The Lesbian, Gay, Bisexual and Transgender Community Center, now on West 13th Street, is Grant’s starting point for any LGBTQ newbies to New York City. Much sleeker in appearance now, even with a coffee bar inside, the Center still offers one-stop shopping for social services, 12-step and other groups. (Grant once worked at the Community Health Project, which was once based at the Center. It’s now the Callen-Lorde Community Health Center, with locations in Manhattan, the Bronx and soon Brooklyn.)
She has sung with Lavender Light Gospel Choir, where she serves as co-chair and chorus manager, for nearly 30 years, focusing on her belief that God is love, and love is for everyone. Since Grant grew up in an accepting Church of England, she was determined to hold onto her faith in a more divisive US religious environment. (They are scheduled to sing during Pride weekend at the Center.)
The choir sings at the Good Friday service at Metropolitan Community Church’s New York City location, which was founded in 1972 when many mainstream churches would not welcome members of the LGBTQ community. (The denomination was founded in 1968.)
And she’ll still head to the Cubbyhole or Henrietta Hudson for a drink, a spot that charges less than the typicalNew York prices for its drinks, where baby dykes and veterans of the gay civil rights movement hang out, listen to tunes from the jukebox and talk about the tension between progress and remembering where you came from.
‘That’s progress’
In Brooklyn, where she lives, she and her friends will head to Ginger’s, a longtime lesbian bar in Park Slope, to play pool and hang out.
Grant marvels at the growth of the LGBTQ rights movement and all the progress the activists within the movement have made.
“We, for instance, can sit here on a Sunday afternoon and have this drink with each other and not worry that the police are going to come and raid this bar,” she said. “That’s progress.”
“We can get married.

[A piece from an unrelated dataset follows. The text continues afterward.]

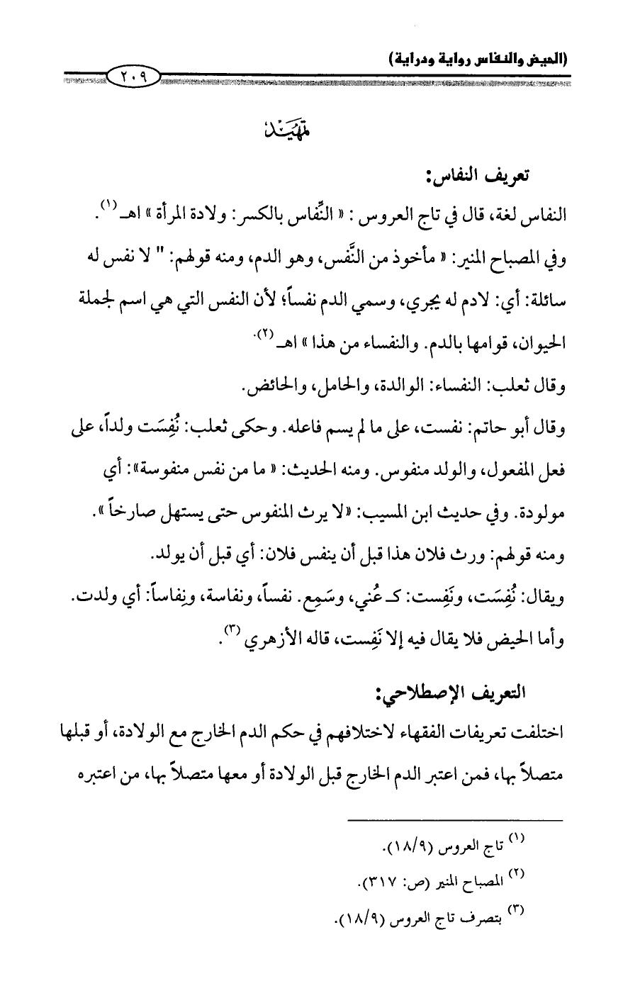 وفي المصباح المنير: "مأخوذ من النَّفس، وهو الدم، ومنه قولهم: "لا نفس له سائلة: أي: لا دم له يجري، وسمي الدم نفساً؛ لأن النفس التي هي اسم لجملة الحيوان، قوامها بالدم. والنفساء من هذا" اهـ (¬2).

Undoubtedly, all of that is amazingly true.”
She hopes that some of these important institutions will survive the waves of gentrification and assimilation, as the Cubbyhole seems to have done.
“When I come in here, it almost feels like the LGBT bar that Cheers would be if it was an LGBT bar,” she said.
“I feel at home right away. And at the end of a long day sometimes you want to just have a drink with your people. So, it matters to me that there are pockets and businesses that are specifically for the LGBT community.”
‘People need to remember’
As they gather at the Cubbyhole, Grant and her friends hope that other lesbians, gay men, bisexual and transgender people – both white and people of color – will remember the battles long and hard fought. Those battles for civil rights and for a cure for AIDS are not over, they say.
“Despite all the strides that we’ve made, and the fact that we’re in a much better place now in so many ways, we had to fight to get here. And there was a way that we got here, and people need to remember how that happened.”
And there’s still a fight, she says, noting all the recent violence against transgender people, including the murders of Chynal Lindsey and Muhlaysia Booker in Dallas.
“It’s not like violence against us has stopped,” she said. “It’s not like we’re completely accepted.”